À propos de cette édition

Éditeur
La Presse
Genre
Fantastique
Longueur
Nouvelle
Paru dans
La Presse, vol. XIV, n˚ 93
Pagination
5
Lieu
Montréal
Date de parution
22 février 1898

Résumé/Sommaire

La soirée du Mardi Gras bat son plein chez le maire de Sainte-Agathe-des-Monts, Agapit Lafantaisie. Mais l’obèse magistrat arrête la danse peu avant minuit, ne voulant pas que l’on danse « su’ l’mécardi des cendres dans ma maison ». On lui obéit sans trop protester mais on lui réclame des histoires, ce en quoi il excelle. Afin d’illustrer l’interdit qu’il vient de rappeler, Lafantaisie raconte comment, voilà dix ans, par une nuit de tempête semblable à celle-ci, il était allé chercher le curé pour l’amener chez un mourant. En route, sa fringante jument s’arrête, terrorisée : les deux hommes voient alors, au-dessus de la maison d’un nommé Cauchois, une ronde aérienne de danseurs épuisés, épouvantés et rouges, virevoltant autour du diable en personne. Cauchois, un mécréant, avait désobéi à l’interdit du Mercredi des Cendres.

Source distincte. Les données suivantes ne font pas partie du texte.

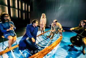 Scenografien er harmonisk og alligevel spækket med fare og uhyggelige historier om virkeligheden. Det blå gulv er det store farlige vand mellem Danmark og Sverige. Mellem liv og død. Robåden rokker uden bølger og man bliver fuldstændig opslugt af karakterenes bevægelser. Det blå gulv, de orange redningsveste og brune nuancer er en rigtig flot ramme for fortællingen.
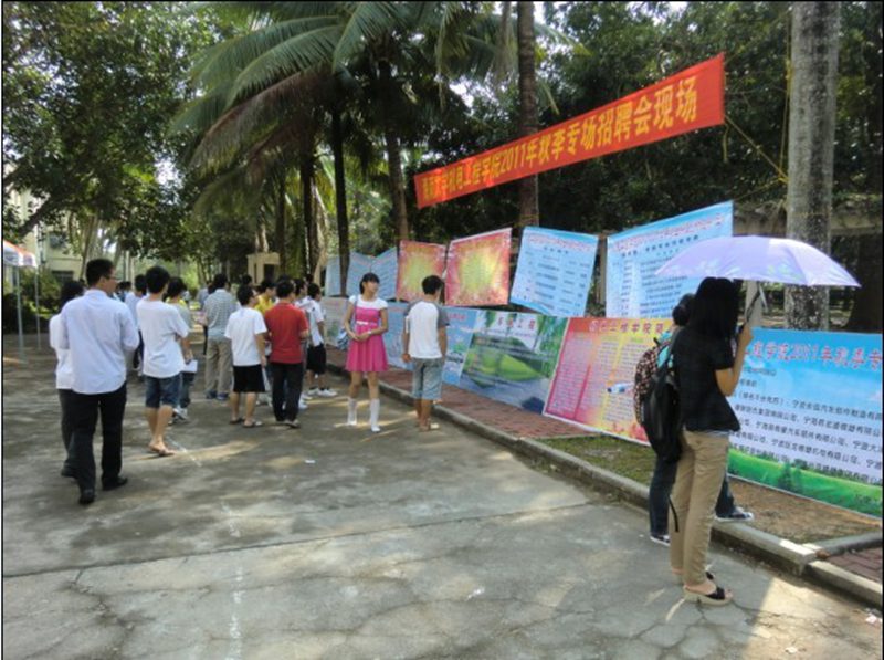 2011年10月25日上午10点,PA视讯集团网站2011年秋季专场招聘会在儋州校区四号教学楼前广场隆重举行。此次招聘会是在就业指导中心的大力支持下,邀请了来自浙江省宁波市宁海县汽车零部件协会的15家企业单位。莅临本次招聘会的领导有学院院长翁绍捷教授、学生处邓秀成副处长、学院党委黄国标副书记,参加招聘会的还有学工办老师及各专业的优秀毕业生。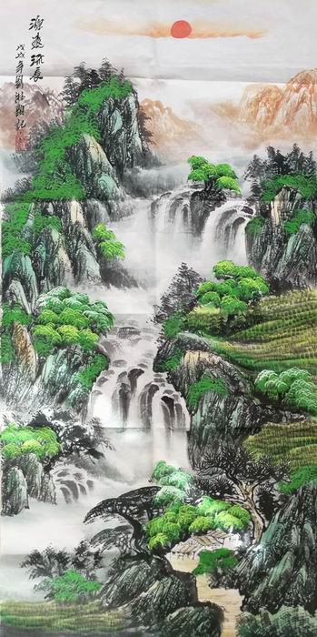 • 产品简介: 竖幅聚财山水画,刘淋老师作品。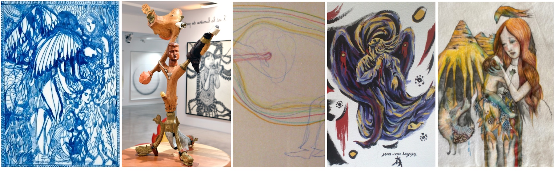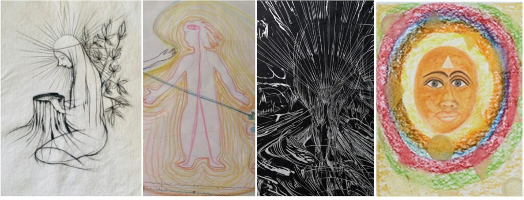 Ce mouvement d’émancipation est toujours très présent et actif dans l’art actuel, sans que l’on ait pris la mesure des réalités qu’il recouvre. Il est d’ailleurs très présent dans « dess(t)ins visionnaire », dont il est l’un des axes. Si bien que l’exposition est habitée par certaines figures de la spiritualité et de la sacralité. Comme on l’a vu avec la Vierge à l’arbre de Anne Laroche. Cela concerne directement et profondément certains artistes d’art médiumnique et d’art brut, comme Philippe Deloison, Stéphane Besnard ou Augusto Giraldo. De même qu’Aurélie Dubois avec son grand dessin intitulé « Métanoïa » qui relate un épisode de révélation mystique qu’elle a elle-même vécu, à travers une déflagration de lumière.

La farandole infernale se termine parmi les Roches Rouges du lac Simon où, depuis, les Amérindiens n’osent plus pêcher.

Commentaires

S’il est d’abord saisi par le style relevé des premiers paragraphes, le lecteur se voit ensuite bousculé par la verve de l’auteur. « Comme le fantôme d’une grande fée de carnaval, une tempête échevelée gambadait, ce soir-là, sur la crète (sic) des Laurentides (…) On eût dit la paroisse morte et bien enlinceulée si, par les carreaux opalisés, on n’avait vu la lumière… » À cette prose poétique succède une rafale sonore : « moué j’vous dis qu’i est mênuit et que s’i y en a un vingueux d’bougre qui lève la patte… », « Enwayez, père Lafantaisie ; t’nez, v’nez vous assire icite, cont’le poêle », « Ah ! Vlim de bout d’ciarge ! i’m en vient des souleurs inque d’y penser. »

Le contraste est marqué entre les « apocalyptique », « amphytrion » (sic) ou « apopthegmatiquement » de la narration, et les « smart », « caller les sets », « Never mind the bon Ieu », « la grande slide » ou « full dress en train d’danser » des dialogues [tous les italiques sont dans le texte]. Comme on le voit, il ne s’agit pas d’une lecture facile ; certains mots restent carrément indéchiffrables pour le profane.

Si le conte lui-même s’avère être une variante sans surprise de la danse interdite, son style coloré à souhait recèle des trésors linguistiques, révélant entre autres à quel point les anglicismes du français canadien populaire remontent loin dans le passé. [DS]

  • Source : Le XIXe siècle fantastique en Amérique française, Alire, p. 137-138.